## Your objective
Below are entries. Give back exactly the lines from the one containing "Пока рис варится, приготовим" through the one containing "Table tennis fixed", inclusive, without the pictures.

## Records supplied
==*==

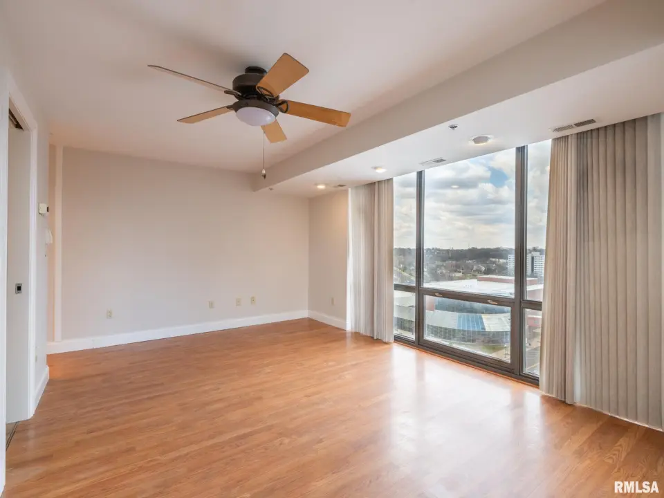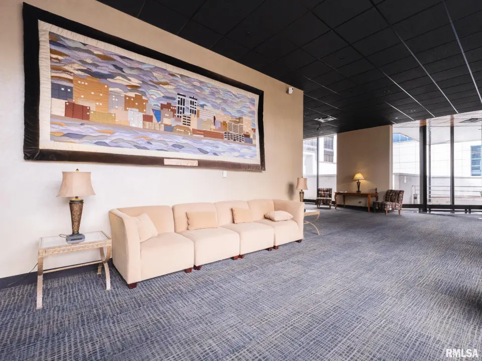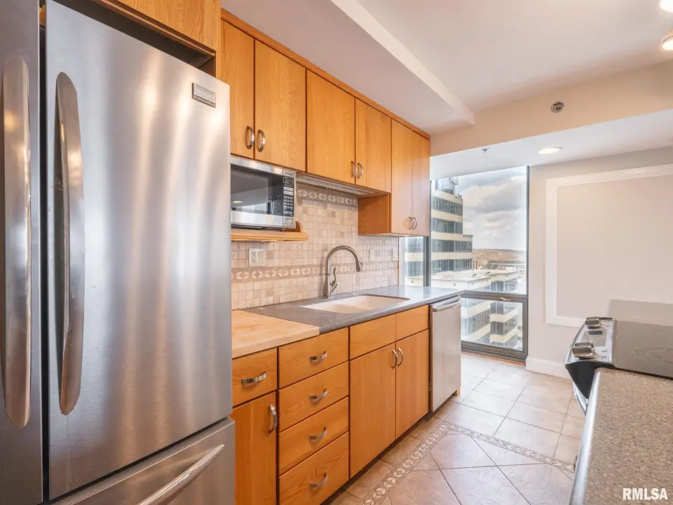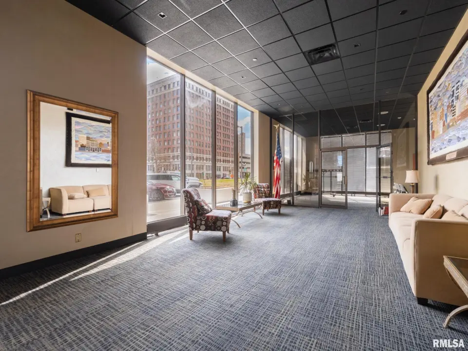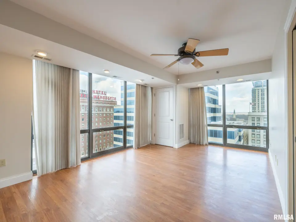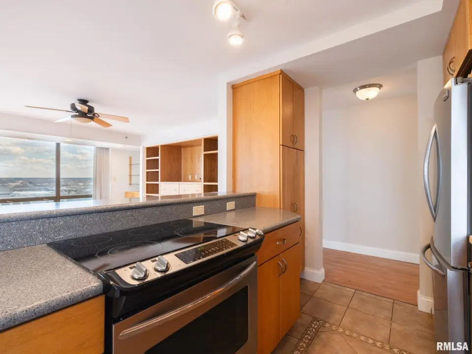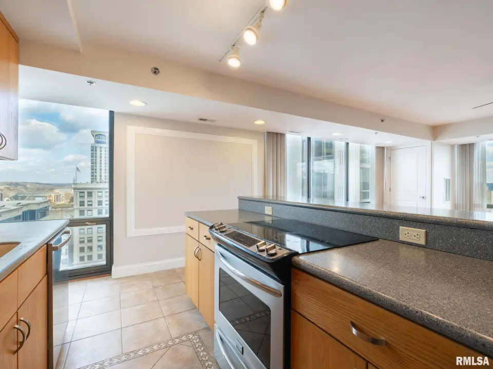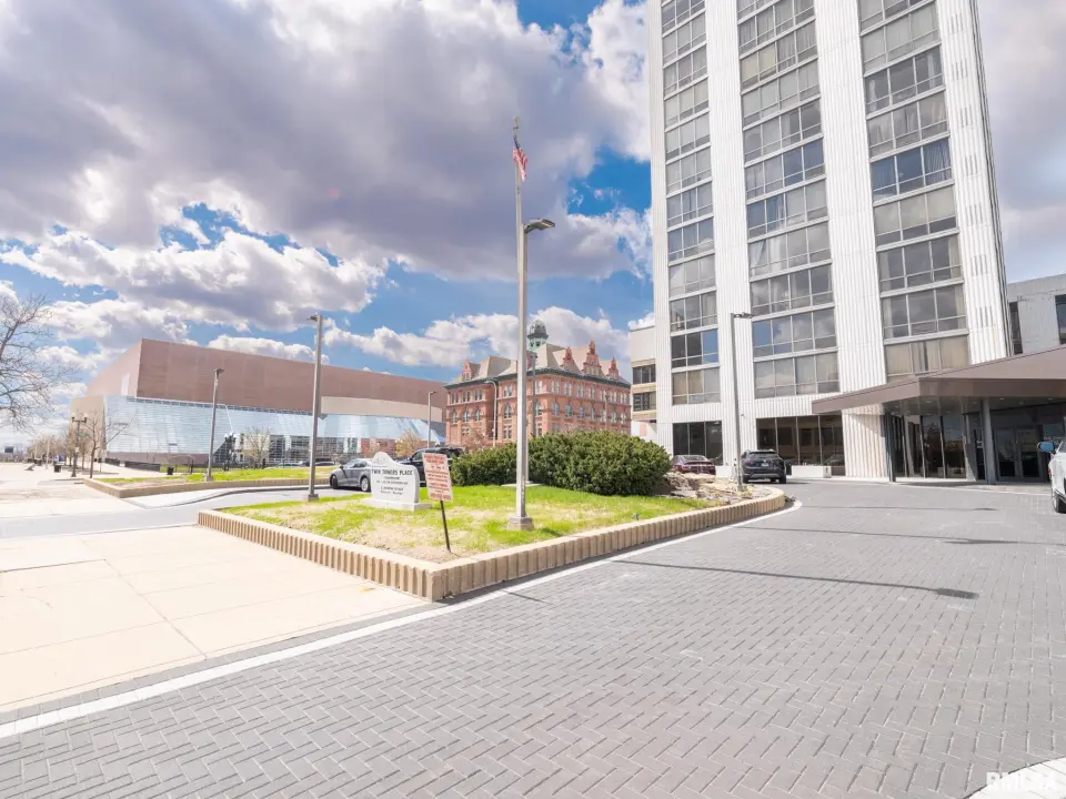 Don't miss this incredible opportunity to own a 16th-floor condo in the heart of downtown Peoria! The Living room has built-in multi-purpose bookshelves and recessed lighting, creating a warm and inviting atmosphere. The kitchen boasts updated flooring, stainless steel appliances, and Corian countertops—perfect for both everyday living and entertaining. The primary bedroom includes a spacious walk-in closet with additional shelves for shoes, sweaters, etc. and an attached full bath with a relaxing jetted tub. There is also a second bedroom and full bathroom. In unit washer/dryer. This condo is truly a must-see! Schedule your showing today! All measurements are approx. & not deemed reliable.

==*==

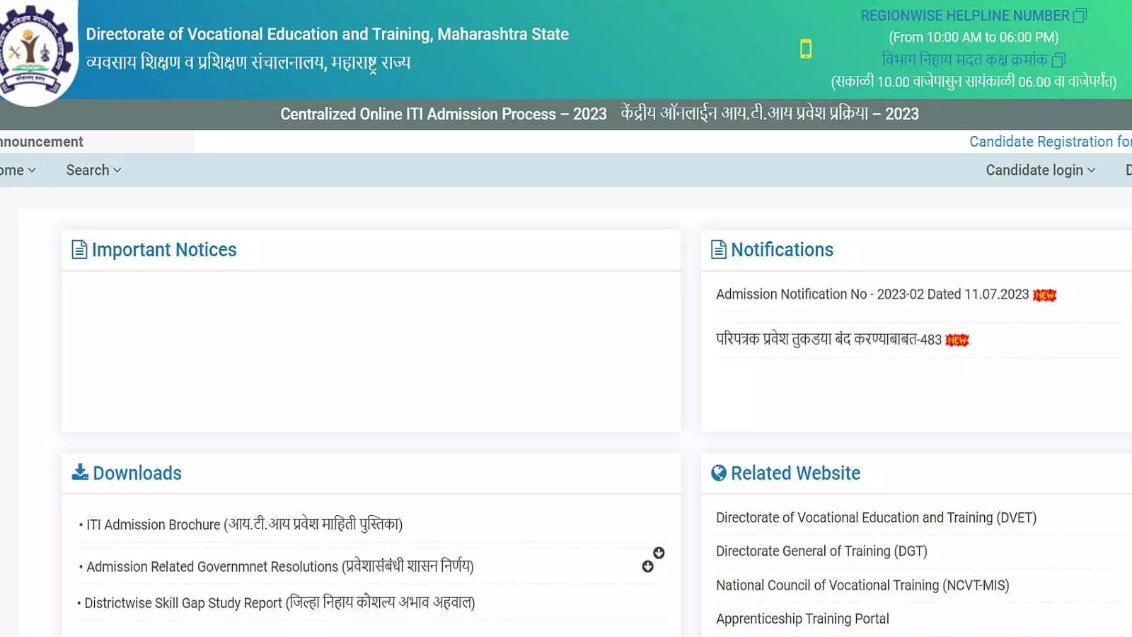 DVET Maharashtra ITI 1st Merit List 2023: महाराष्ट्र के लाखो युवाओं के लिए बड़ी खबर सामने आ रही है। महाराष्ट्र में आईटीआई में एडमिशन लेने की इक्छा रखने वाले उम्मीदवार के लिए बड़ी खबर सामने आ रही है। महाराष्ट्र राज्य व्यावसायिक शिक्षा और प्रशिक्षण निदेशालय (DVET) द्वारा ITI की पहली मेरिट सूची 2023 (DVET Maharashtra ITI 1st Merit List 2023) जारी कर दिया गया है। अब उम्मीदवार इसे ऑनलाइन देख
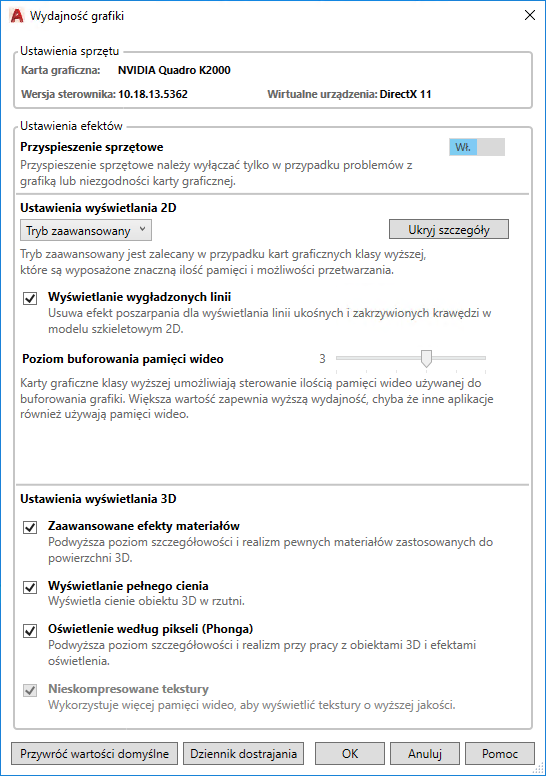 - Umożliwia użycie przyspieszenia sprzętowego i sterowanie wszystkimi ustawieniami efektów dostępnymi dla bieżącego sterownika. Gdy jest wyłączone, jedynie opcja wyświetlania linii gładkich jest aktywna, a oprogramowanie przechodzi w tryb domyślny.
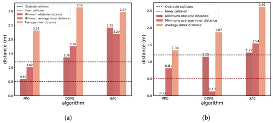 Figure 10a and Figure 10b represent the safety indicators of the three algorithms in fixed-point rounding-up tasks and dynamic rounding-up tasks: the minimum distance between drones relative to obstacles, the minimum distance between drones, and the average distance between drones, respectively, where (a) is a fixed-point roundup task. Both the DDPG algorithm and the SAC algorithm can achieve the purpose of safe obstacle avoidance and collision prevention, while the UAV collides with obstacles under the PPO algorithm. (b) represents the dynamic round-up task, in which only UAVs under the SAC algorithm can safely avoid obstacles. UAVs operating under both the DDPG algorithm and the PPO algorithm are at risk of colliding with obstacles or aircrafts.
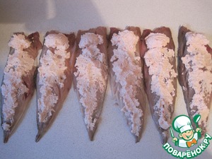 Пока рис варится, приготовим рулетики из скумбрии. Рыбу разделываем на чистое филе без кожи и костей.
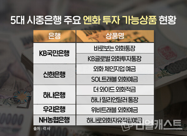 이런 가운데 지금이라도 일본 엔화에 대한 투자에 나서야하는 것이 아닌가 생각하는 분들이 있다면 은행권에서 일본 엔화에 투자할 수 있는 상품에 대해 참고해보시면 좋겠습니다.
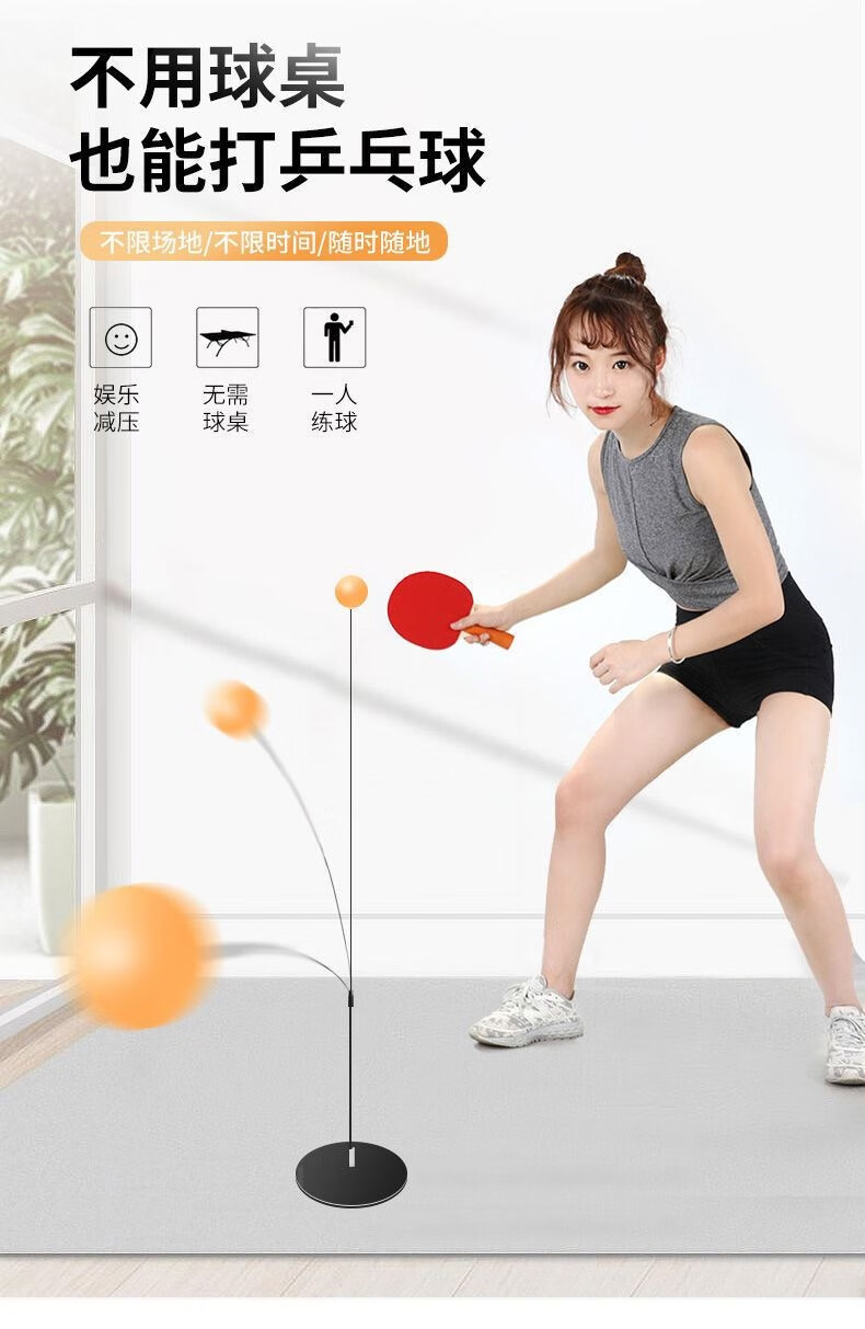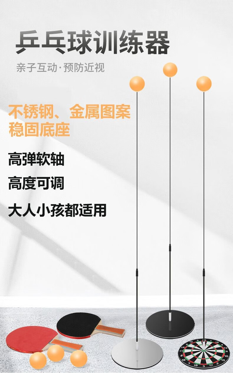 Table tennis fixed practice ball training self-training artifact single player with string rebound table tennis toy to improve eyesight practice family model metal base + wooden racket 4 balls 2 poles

==*==

## Solved exercise
 Пока рис варится, приготовим рулетики из скумбрии. Рыбу разделываем на чистое филе без кожи и костей.
 이런 가운데 지금이라도 일본 엔화에 대한 투자에 나서야하는 것이 아닌가 생각하는 분들이 있다면 은행권에서 일본 엔화에 투자할 수 있는 상품에 대해 참고해보시면 좋겠습니다.
 Table tennis fixed practice ball training self-training artifact single player with string rebound table tennis toy to improve eyesight practice family model metal base + wooden racket 4 balls 2 poles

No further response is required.